EXERCISE INSTRUCTIONS: Please return only the lines from the one showing "makeup, small bat" to the end of the entries, keeping both ends and dropping every picture.

++++++

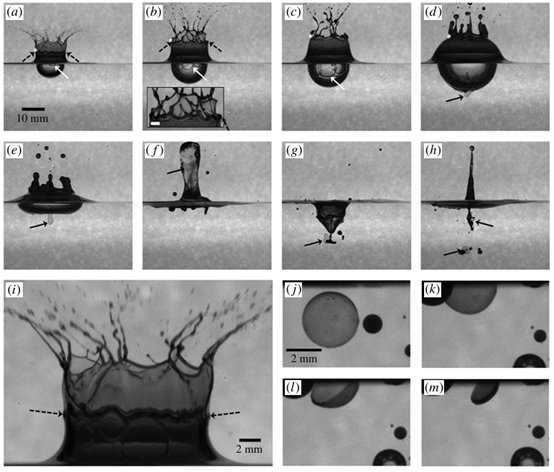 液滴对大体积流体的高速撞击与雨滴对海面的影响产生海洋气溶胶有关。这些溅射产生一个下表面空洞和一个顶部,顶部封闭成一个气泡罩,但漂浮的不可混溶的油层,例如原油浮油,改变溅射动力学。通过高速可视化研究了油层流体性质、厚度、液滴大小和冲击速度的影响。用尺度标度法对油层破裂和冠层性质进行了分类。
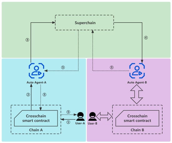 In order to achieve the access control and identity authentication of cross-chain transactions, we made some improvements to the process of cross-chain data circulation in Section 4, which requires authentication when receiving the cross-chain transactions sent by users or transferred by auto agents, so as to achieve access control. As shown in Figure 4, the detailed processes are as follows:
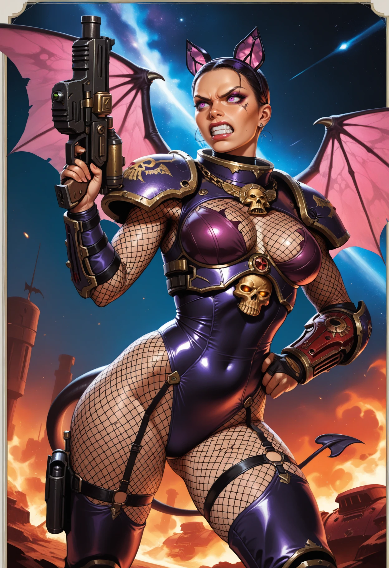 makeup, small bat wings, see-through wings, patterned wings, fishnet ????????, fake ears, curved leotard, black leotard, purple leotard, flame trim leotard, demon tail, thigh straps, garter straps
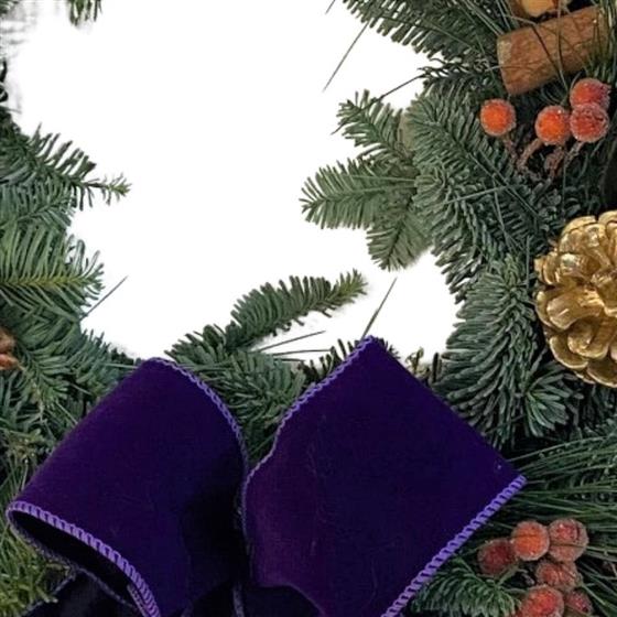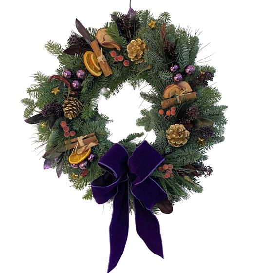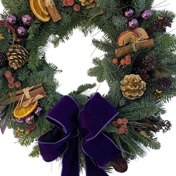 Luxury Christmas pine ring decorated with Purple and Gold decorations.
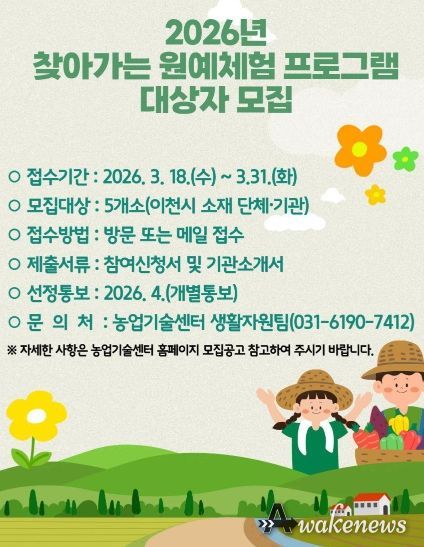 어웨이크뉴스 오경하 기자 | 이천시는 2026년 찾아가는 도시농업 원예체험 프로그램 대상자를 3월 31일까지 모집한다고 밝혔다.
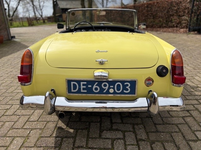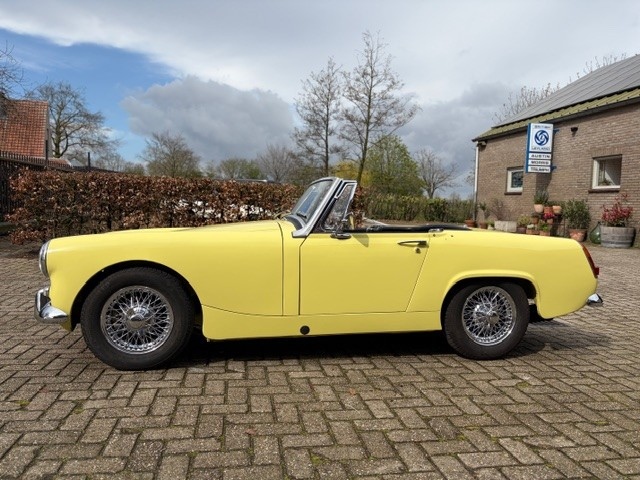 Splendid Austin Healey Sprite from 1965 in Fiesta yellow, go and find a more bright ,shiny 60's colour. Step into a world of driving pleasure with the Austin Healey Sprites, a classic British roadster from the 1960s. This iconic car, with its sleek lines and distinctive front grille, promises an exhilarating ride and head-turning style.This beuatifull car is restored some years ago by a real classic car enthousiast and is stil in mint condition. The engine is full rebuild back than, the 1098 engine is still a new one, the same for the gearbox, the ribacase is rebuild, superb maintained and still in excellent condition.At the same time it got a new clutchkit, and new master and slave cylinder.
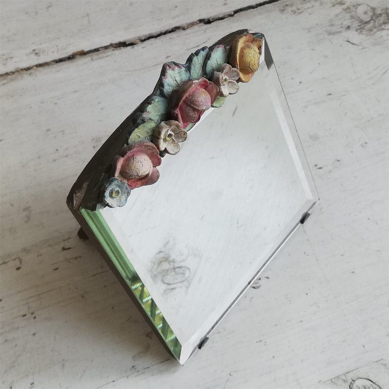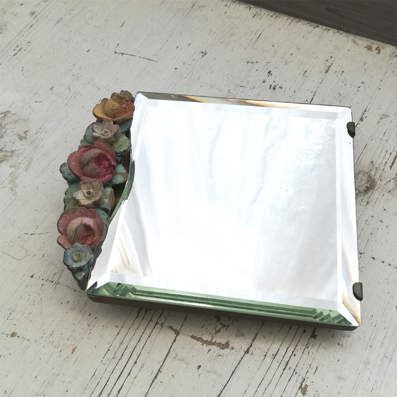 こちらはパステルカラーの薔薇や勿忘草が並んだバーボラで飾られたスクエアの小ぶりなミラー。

++++++

EXERCISE ANSWER:
 makeup, small bat wings, see-through wings, patterned wings, fishnet ????????, fake ears, curved leotard, black leotard, purple leotard, flame trim leotard, demon tail, thigh straps, garter straps
 Luxury Christmas pine ring decorated with Purple and Gold decorations.
 어웨이크뉴스 오경하 기자 | 이천시는 2026년 찾아가는 도시농업 원예체험 프로그램 대상자를 3월 31일까지 모집한다고 밝혔다.
 Splendid Austin Healey Sprite from 1965 in Fiesta yellow, go and find a more bright ,shiny 60's colour. Step into a world of driving pleasure with the Austin Healey Sprites, a classic British roadster from the 1960s. This iconic car, with its sleek lines and distinctive front grille, promises an exhilarating ride and head-turning style.This beuatifull car is restored some years ago by a real classic car enthousiast and is stil in mint condition. The engine is full rebuild back than, the 1098 engine is still a new one, the same for the gearbox, the ribacase is rebuild, superb maintained and still in excellent condition.At the same time it got a new clutchkit, and new master and slave cylinder.
 こちらはパステルカラーの薔薇や勿忘草が並んだバーボラで飾られたスクエアの小ぶりなミラー。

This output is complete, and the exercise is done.